In my experience, it's usually pretty easy to tell the people that are asking to help because they are just that kind of person from the people that are being....less charitable.

I don't want to make a separate post for this so I'm just tacking it on here. When I was first disabled, my (now) husband and I went to NYC and met with several friends from the chat room that we met in. I had only been disabled maybe 3-4 months and was still in a lot of pain, had no real dr. care, still had no movement in my left foot (foot drop) and was no where near coming to grips with the whole thing yet.

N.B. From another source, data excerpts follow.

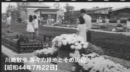
川崎散歩 等々力緑地とその周辺 【昭和44年7月22日】
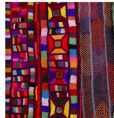
Fig. 9. Lambani embroidery. artsandculture.google.com
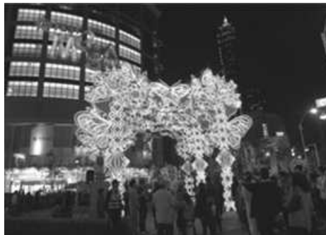
戀戀愛河璀璨煙火秀

高雄燈會為本市重要的指標性觀光節慶活動，每年均吸引大批參觀人潮。2014 高雄燈會藝術節活動於 103 年 1 月 28 日至 2 月 23 日舉行，為期 27 天，以不同風貌、現代、時尚、科技，繽紛亮麗的燈飾，炫麗展現在高雄鬧區街道上，使參與者享受高雄的便利交通、品嚐高雄的地方美食。今年燈會煙火重返愛河水岸施放，吸引國內外遊客前來觀賞，另今年元宵節適逢西洋情人節，特別舉辦萬人提燈大遊行，多項創意活動，讓遊客及市民共享歡樂時光、共創美好記憶。
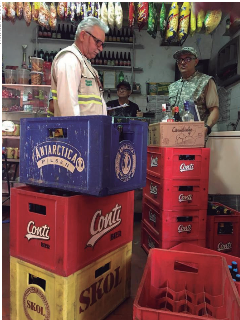
Ação integrada das forças de segurança conduziram desocupados à delegacia e apreenderam bebidas alcoólicas nos bares da rodoviária

Além dele, dezenas de desocupados que estavam perambulando pelo interior da Estação Rodoviária também foram abordados e averiguados. Os que não possuíam documentos pessoais, em sua maioria usuários de drogas (crack), foram separados do restante da população e posteriormente conduzidos à Dele-
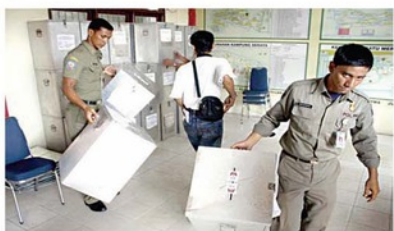
SIAPKAN LOGISTIK - Kesibukan para petugas menyiapkan logistik pemilihan umum menjadi pekerjaan rutin menjelang pemilu dijangkitkan, termasuk untuk Pilwako Batam 2011.

So we were with one of our friends, who came up a day earlier than everyone else, at the Empire State Building. I had bought some post cards to send to people from where I'd moved from and my husband and I were in line and our friend was standing a bit to the front and off to the side looking at some stuff on the wall about the ESB.

There was a guy standing behind us and I guess he decided that it was taking too long (not our fault, the checker was super slow), so to go past me, instead of going on the aisle side which, naturally, had tons of room, he decided to squeeze between my wheelchair and the counter.

If you think about how most people stand at a checkout counter there generally isn't a lot of room. This was the case here. My chair was only probably 6-8 inches from the counter, so his plan went ok until he was about in the middle of the chair and realized he had TWO legs. Instead of backing up, he actually lifted his other left OVER my head and put it down in front of my chair and then took his other step with the leg between the chair and the counter.

My husband stood there with his mouth hanging open. I sat there with my mouth hanging out. Our friend turned around just in time to see this happening and stopped dead...with his mouth hanging open.

The guy just continued on his way like nothing had happened. I sat there for a few seconds and finally said: Did that really just happen? Then I did the only thing you can do when someone steps over you head at the Empire State Building. I started laughing. Who thinks it's ok to step OVER someone like that? Who tries to squeeze between another person and a counter?

The whole thing was just so bizarre. We still laugh about it. Today my reaction would be a little different than it was back then. I'm a little quicker to react when someone touches the chair than I was at the beginning ;) Our squeezing through friend would be singing soprano if he tried that today. I don't know what he would have done if I happened to be a taller person (wheelchairs are measured based on height (and other things) so you can comfortably reach the ground when sitting and your legs aren't left dangling).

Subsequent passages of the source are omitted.